鈴木日銀審議委員、政策の副作用「手遅れとなるリスクに十分注意」
日銀の鈴木人司審議委員は29日、那覇市で開いた金融経済懇談会で講演した。日銀が公表した講演要旨によると、累積していく金融緩和政策の副作用について、「将来どこかの時点で顕現化すると、うまく対処することが難しくなることや手遅れとなるリスクがあることに十分注意を払う必要がある」と述べた。金融緩和の効果に加えて副作用の累積にも配慮を示す必要性を強調した。
鈴木委員は2%の物価安定目標の達成のために、強力な金融緩和の継続で「需給ギャップがプラスの状態をできるだけ長く続けることが適当だ」と説明。一方で「どんな良薬にも副作用があるように、金融政策がどのような形で影響を及ぼすか、虚心坦懐(たんかい)に見極めることが重要な観点」と指摘した。

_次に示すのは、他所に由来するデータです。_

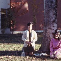 Students Anna Hisanaga (Class of 1972, wearing white) and Susan Kuioka (Class of 1972, wearing pink) sitting outdoors by Pacific University's Scott Library in the fall of 1970.
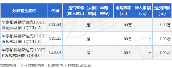 本站消息,10月23日华泰柏瑞基金管理有限公司发布《华泰柏瑞纳斯达克100交易型开放式指数证券投资基金发起式联接基金(QDII)调整大额申购(含定期定额投资)入业务的公告》。公告中提示,为保证本基金的稳定运作,保护基金份额持有人利益,以及根据《华泰柏瑞纳斯达克100交易型开放式指数证券投资基金发起式联接基金(QDII)基金合同》的相关规定,自2025年10月23日起华泰柏瑞纳斯达克100交易型开放式指数证券投资基金发起式联接基金(QDII)调整大额申购(含定期定额投资)入业务,申购上限金额为1.0万元,下属分级基金调整明细如下:

国内金融機関の業績については「国内貸出利ざやの縮小で資金利益が減少しているほか、米長期金利の上昇で債券などの評価損益が悪化している」とし、「地域金融機関を含めた金融機関の経営状況の推移と金融システムや金融仲介機能へどう作用していくかを注視していく」と述べた。
日銀は7月末の金融政策決定会合で政策を一部修正し、長期金利については上下にある程度の変動を容認した。鈴木委員は金利水準が切り上がって、緩和の効果がそがれるとの指摘に対し、「金利が多少上昇しても金融機関の貸し出しや社債市場へ与える影響は限定的だ」と強調。一方で「金利が急速に上昇する場合は、迅速かつ適切に国債買い入れを実施していく方針だ」と話した。
鈴木委員は長期金利の変動幅について「おおむねプラスマイナス0.1%の幅から上下その倍程度の変動を念頭に置くことになる」とした上で、「こうした変動幅は主要国の10年債金利の動向から見ても許容範囲」との認識も示した。